We're here to play some Mississippi Delta Blues. We're in a horrible depression, and I gotta admit - we're starting to like it.
Cabin In The Woods was fucking funny
I'm actually surprised at how much I enjoyed Flight. It's far from a perfect film, but it contains a terrific airplane set piece and then follows with an engaging and affecting character study that I did not expect at all from the trailer. However, I would have a much higher opinion of it if there weren't such a misstep towards the end. Without giving too much away, I'll just say that the final actions of Denzel's character feel out of line with the compelling portrait of addiction he has built up to that point, serving up a moralistic ending that ultimately feels a bit hollow. This is still one of the richer films one would expect to see out of Hollywood these days though. Oh, and it's pretty much a given that Denzel will be a leading contender for Best Actor with this performance (unless, of course, Daniel Day-Lewis doesn't have plans to the contrary).

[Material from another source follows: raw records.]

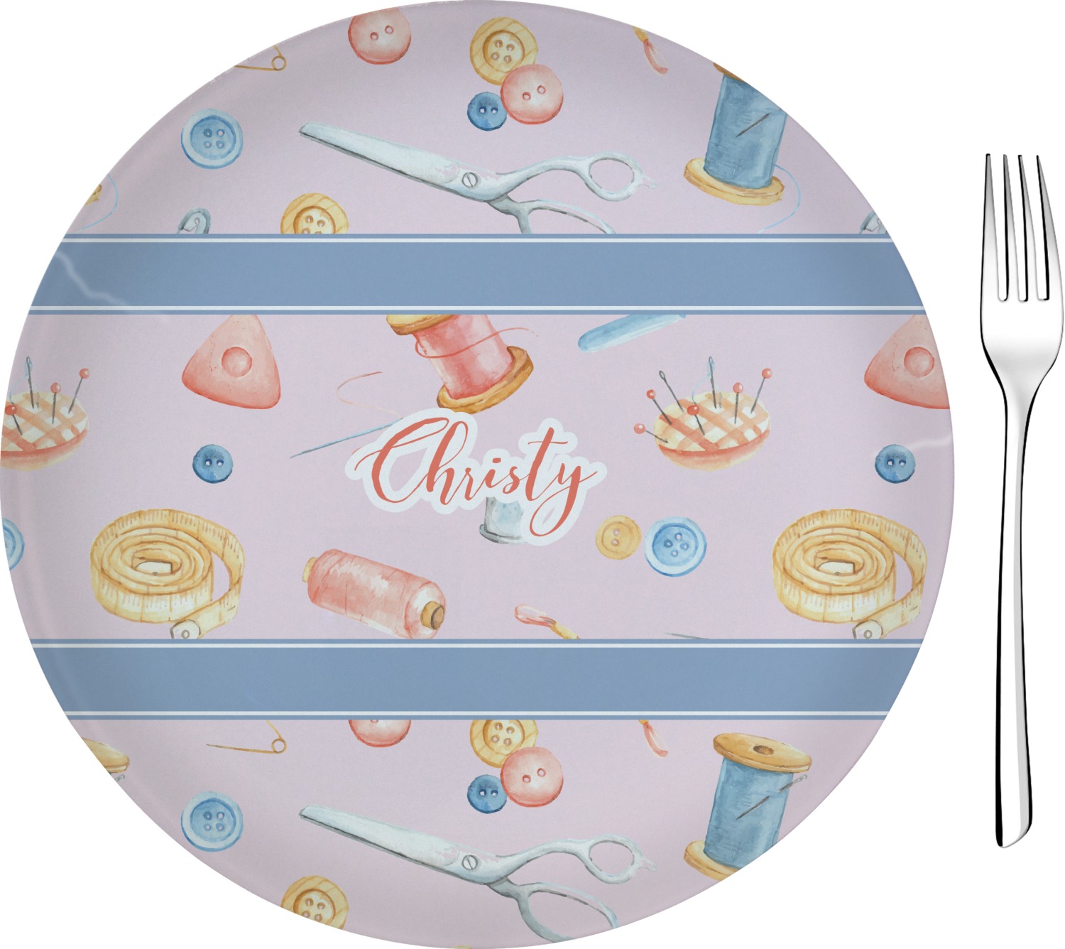 The design has a single pattern with a light pink background. The pattern is filled with sewing objects from needles to spools to pin cushions. The colors of the sewing objects include grey, light blue, peach, pink, and yellow. There are two ribbons going across the design that are a light grey-blue, accenting the similar color in the pattern. In between the two ribbons is where your personalization goes! On the coordinating design a textured grey-blue background is used, while a fun graphic of a pile of sewing items sits in the middle. Your personalization goes underneath.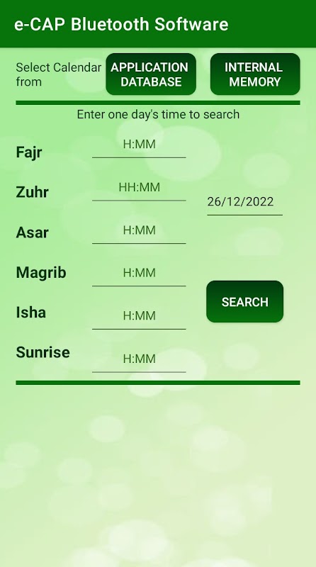 Puede usar el "software Bluetooth e-CAP" para obtener los tiempos de oración de hoy y también para configurar las pantallas de tiempo de oración de e-CAP que tienen conectividad bluetooth.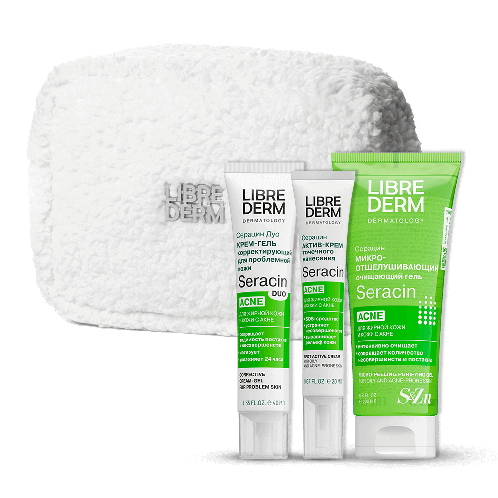 LIBREDERM набор Seracin «Акне контроль» | Состав набора: Косметичка белая плюшевая с серебряным логотипом Серацин актив-крем точечного нанесения 20 мл: Серацин ДУО крем-гель корректирующий для проблемной кожи 40 мл: Серацин гель микроотшелушивающий очищающий для кожи с выраженными несовершенствами 200 мл: | SERACIN, SETS | `00046204810 | `4610216616368 |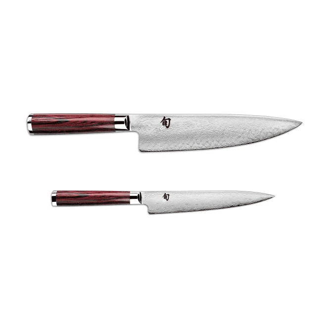 The Kai Shun Kohen Limited Edition Anniversary Luxury Set commemorates the remarkable milestone of ten million sales of the iconic Shun knife series. This exclusive set comprises a chef’s knife and a utility knife, both fashioned from 72 layers of dual-core Damascus steel. These blades are meticulously forged, alternating between flexible VG2 steel and durable VG10 steel, resulting in exceptional strength and precision.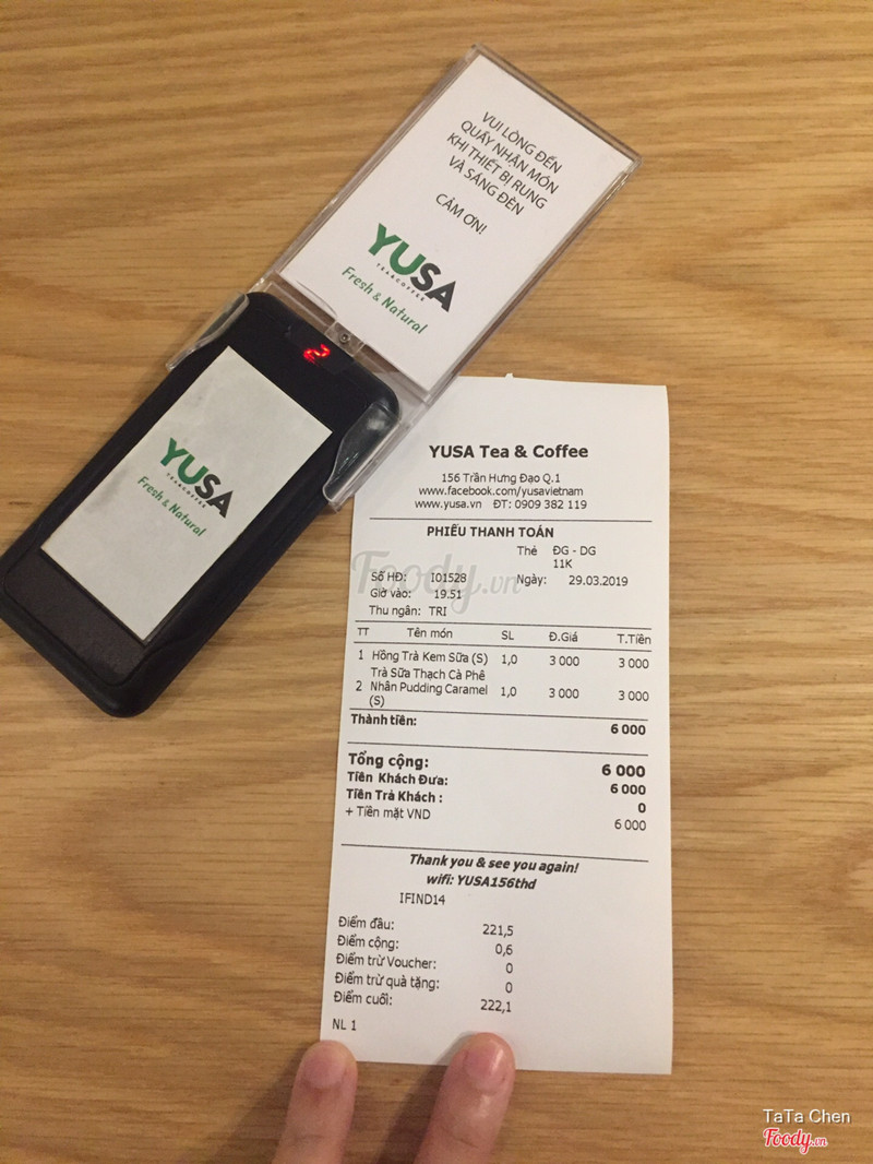 7.2YUSA Tea & Coffee - Trần Hưng ĐạoMình đã uống quán này vài lần vì bị thích món trà sữa mix đặt biệt Yusa. Lần đầu mình uống trà sữa sương sáo Lần thứ 2 mình uống trà sữa mix đặt biệt Yusa ( đủ lại trân châu, toping các kiểu ) Uống xong bị thích nên lần nào đến quán cũng uống món đó _ Vị trí: nằm gần khách sạn Pullman _ Không gian: có bàn ngoài trời và trong nhà, có chổ giữ xe miễn phí _ Giá cả: 42k cho 1 ly trà size S _ Chất lượng: ok _ Nhân viên: nhiệt tình, thân thiện ...View more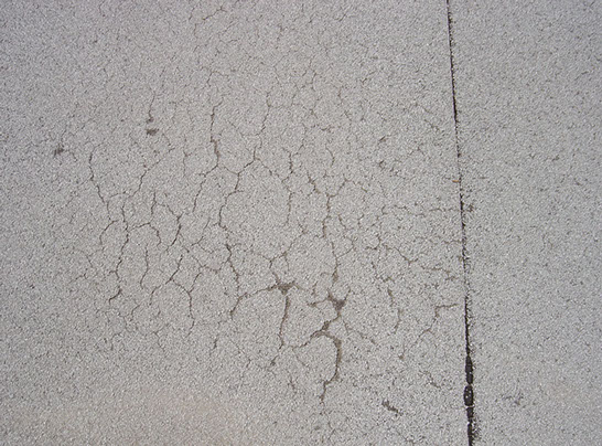 Cracks in this asphalt show how the ultra violet radiation breaks down the hydrocarbon molecules that most roofs are made of.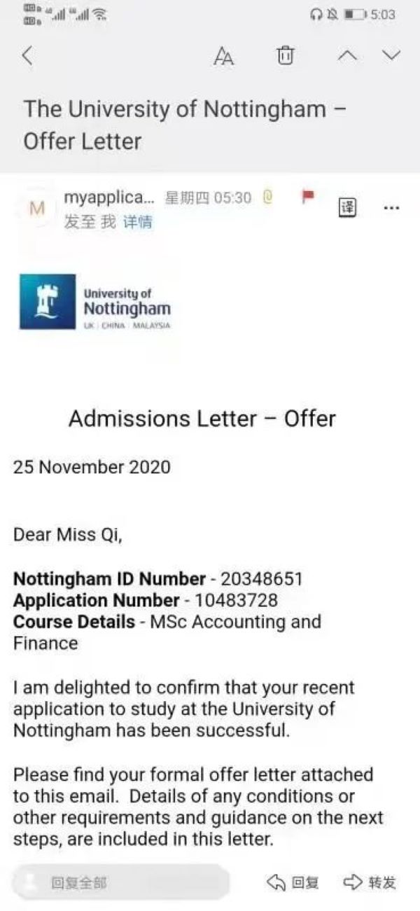 2020年11月,会计学院会计1716班亓欣收到诺丁汉大学会计与金融专业预录取offer。是学校的本硕直通项目,让她成功牵手了世界名校。亓欣讲到她取得这样的成绩离不开学校提供的本硕直通这个平台提供的海外学习资源,也离不开院长和各位辅导员老师的支持鼓励。正是学校制定的专项学习计划,才使她更加合理利用大学自主学习时间,同时对自己的职业和学习生涯有了明确的规划。她根据学校的专项计划,同时遵循记忆曲线规律定期复习巩固知识点,最终与名校相遇。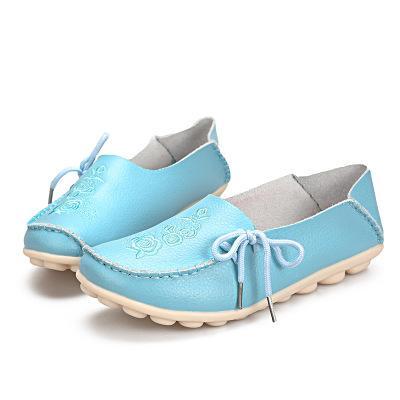 [Flash Deals] Women Floral Printed Soft Flat Loafers Lace Up Slip On Shoes

Carlos Reygadas' Post Tenebras Lux was remarkable, and has already grown in stature in my mind in the hours since it ended. The mixture of the abstract and nature that I love so much about Apichatpong Weerasethakul's films was very prevalent in this one, even moreso than Silent Light (which is still probably the better of the two). That isn't to say that I was able to even begin fully absorbing it...there's a ton going on, and I definitely need to see it a few more times.
Seeing this on the biggest screen possible is an absolute must...hopefully by some chance it gets picked up so everyone can see it in the way it was intended.
I'm sure it may get some hate on here, but I absolutely loved Silver Linings Playbook. Easily the best I've seen from Jennifer Lawrence & Bradley Cooper. The rest of the supporting cast is fantastic as well. Something about it draws a comparison to Crazy Stupid Love for me, mixed with a little Buffalo '66. Huckabees may still be my favorite from O'Russell, but this one showed me again why he is one of my favorite directors working today.
I saw 7 Psychopaths in an awesome theater in Brooklyn run by Austin-transplants and is a complete rip-off of Alamo, so there was a lot of drinking involved. it is much better than the horrible trailers imply, though that is made so very much by the remarkable cast. Ultimately I was left wondering what the point of it was supposed to be, as it seems to just cram every single idea somebody has ever had into one movie, but it's extremely entertaining.
8/7/16 - Sufjan Stevens @ Hollywood Bowl // 8/8/16 - Radiohead @ Shrine // 8/8/16 - Boris @ Regent
9/14/16 - Wilco @ Theatre at Ace Hotel // 9/18/16 - Kraftwerk @ Hollywood Bowl
Was not a fan of Holy Motors. Granted I was tired from not being able to get into the Amour screening yesterday, then having to waiting for Motors to start an hour & a half late. It was a trouble keeping focus on the film. However, I think I saw enough of it to believe I don't really need to give it another chance. Did not live up to the hype.
This past weekend, one new movie and a bunch of re-watches:
Harry Potter and the Deathly Hallows: Part 1
Harry Potter and the Deathly Hallows: Part 2
10 Things I Hate About You
The Godfather Part II
Raiders of the Lost Ark
I need to go to a movie theater lol
Caught most of this on Showtime. Pretty fucked up, predictable but still twisted. The 'trumpets' at the end gave me chills. They should have gone with the 'original ending' (wiki it)
Yeah, I thought the ending was pretty great, got chills as well when the trumpets came in, but ive never read the original ending before. That shit would have been crazy.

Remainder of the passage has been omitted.